GIVEN ENTRIES:
========

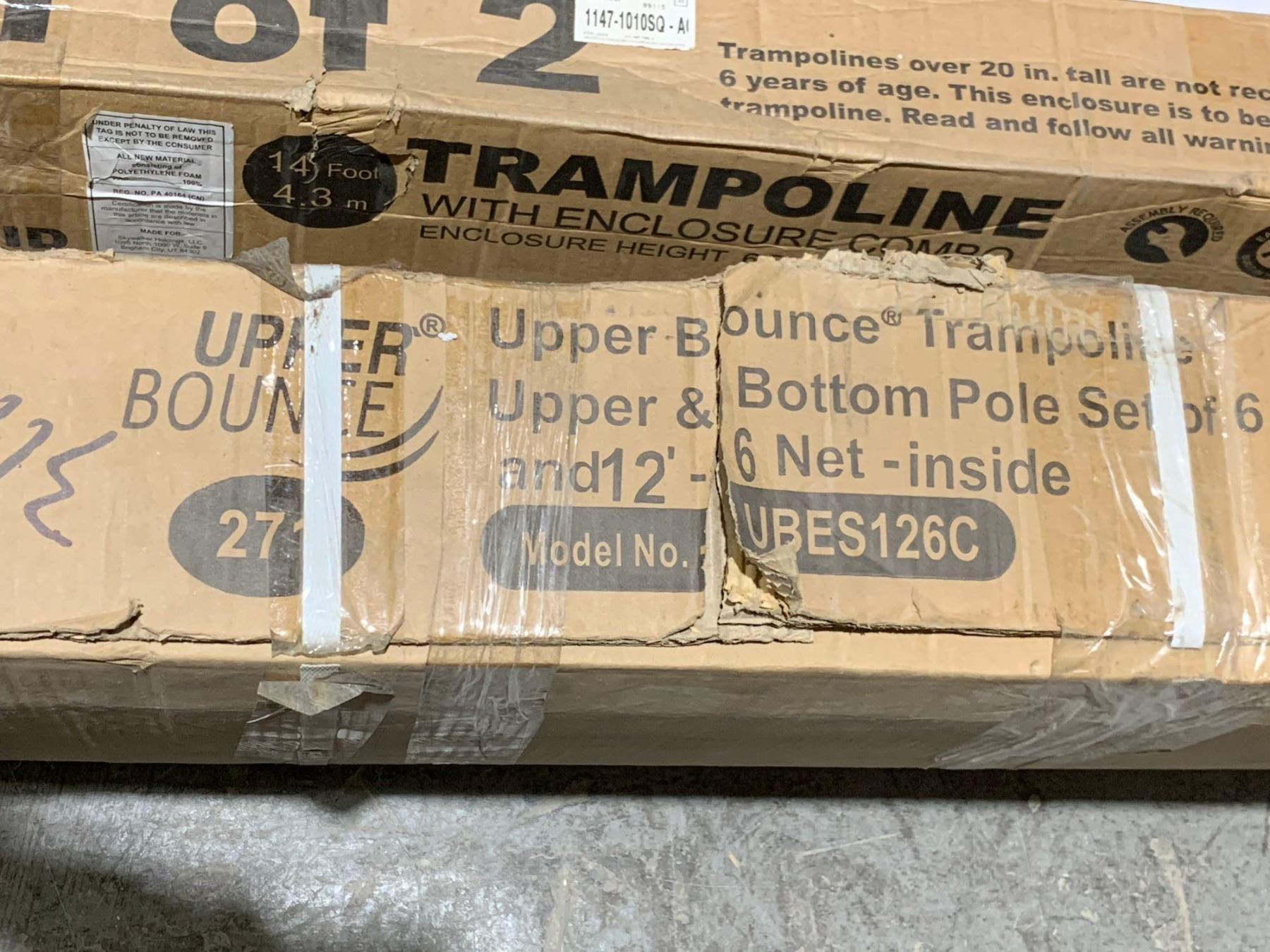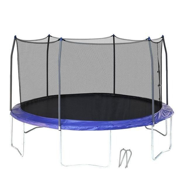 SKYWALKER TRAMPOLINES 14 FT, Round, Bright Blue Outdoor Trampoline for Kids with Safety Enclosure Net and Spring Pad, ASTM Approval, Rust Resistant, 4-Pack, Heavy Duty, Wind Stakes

========

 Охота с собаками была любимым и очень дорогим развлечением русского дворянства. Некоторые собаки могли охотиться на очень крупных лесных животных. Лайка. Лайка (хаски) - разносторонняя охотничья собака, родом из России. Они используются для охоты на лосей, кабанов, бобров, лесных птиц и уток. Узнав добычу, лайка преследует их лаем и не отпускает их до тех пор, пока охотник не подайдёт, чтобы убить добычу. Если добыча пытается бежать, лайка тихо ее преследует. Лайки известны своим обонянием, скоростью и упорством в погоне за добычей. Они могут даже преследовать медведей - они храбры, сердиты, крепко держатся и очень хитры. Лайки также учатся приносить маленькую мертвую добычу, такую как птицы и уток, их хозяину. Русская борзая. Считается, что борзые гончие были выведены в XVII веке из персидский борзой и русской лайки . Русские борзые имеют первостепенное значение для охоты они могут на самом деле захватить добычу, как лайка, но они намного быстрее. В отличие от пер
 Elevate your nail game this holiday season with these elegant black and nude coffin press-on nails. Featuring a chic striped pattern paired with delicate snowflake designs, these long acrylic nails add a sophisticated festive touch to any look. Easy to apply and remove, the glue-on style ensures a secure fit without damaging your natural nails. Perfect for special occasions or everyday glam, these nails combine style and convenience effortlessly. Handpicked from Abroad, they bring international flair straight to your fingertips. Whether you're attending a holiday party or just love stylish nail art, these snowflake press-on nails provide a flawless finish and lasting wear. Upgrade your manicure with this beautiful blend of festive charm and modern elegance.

========

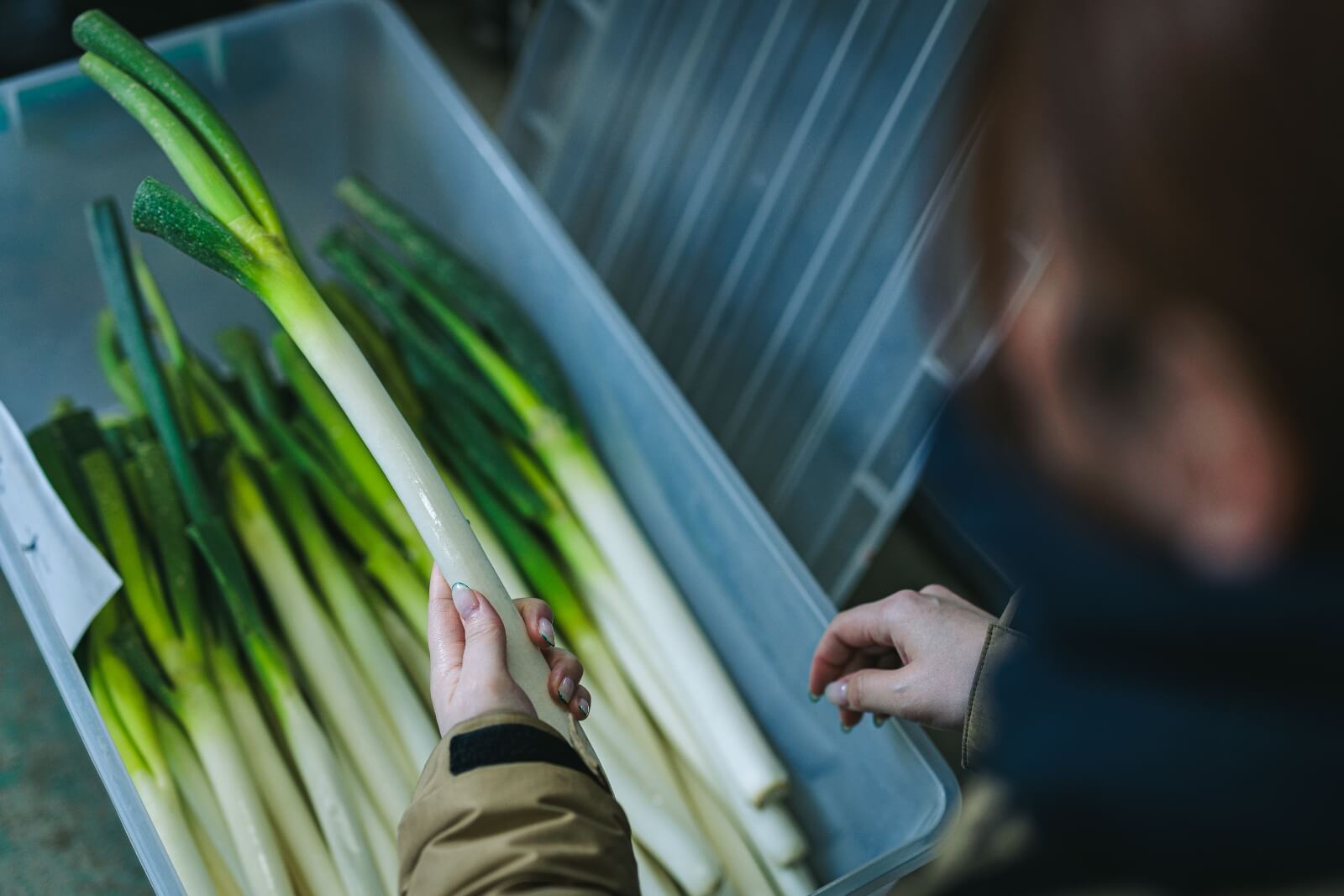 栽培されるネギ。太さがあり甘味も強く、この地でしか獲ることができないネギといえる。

========

ABOUT THIS TASK:
Copy out the range of lines above starting at the line with "Охота с собаками" and ending at the line with "Elevate your nail", exactly and including both.

RESULT:
 Охота с собаками была любимым и очень дорогим развлечением русского дворянства. Некоторые собаки могли охотиться на очень крупных лесных животных. Лайка. Лайка (хаски) - разносторонняя охотничья собака, родом из России. Они используются для охоты на лосей, кабанов, бобров, лесных птиц и уток. Узнав добычу, лайка преследует их лаем и не отпускает их до тех пор, пока охотник не подайдёт, чтобы убить добычу. Если добыча пытается бежать, лайка тихо ее преследует. Лайки известны своим обонянием, скоростью и упорством в погоне за добычей. Они могут даже преследовать медведей - они храбры, сердиты, крепко держатся и очень хитры. Лайки также учатся приносить маленькую мертвую добычу, такую как птицы и уток, их хозяину. Русская борзая. Считается, что борзые гончие были выведены в XVII веке из персидский борзой и русской лайки . Русские борзые имеют первостепенное значение для охоты они могут на самом деле захватить добычу, как лайка, но они намного быстрее. В отличие от пер
 Elevate your nail game this holiday season with these elegant black and nude coffin press-on nails. Featuring a chic striped pattern paired with delicate snowflake designs, these long acrylic nails add a sophisticated festive touch to any look. Easy to apply and remove, the glue-on style ensures a secure fit without damaging your natural nails. Perfect for special occasions or everyday glam, these nails combine style and convenience effortlessly. Handpicked from Abroad, they bring international flair straight to your fingertips. Whether you're attending a holiday party or just love stylish nail art, these snowflake press-on nails provide a flawless finish and lasting wear. Upgrade your manicure with this beautiful blend of festive charm and modern elegance.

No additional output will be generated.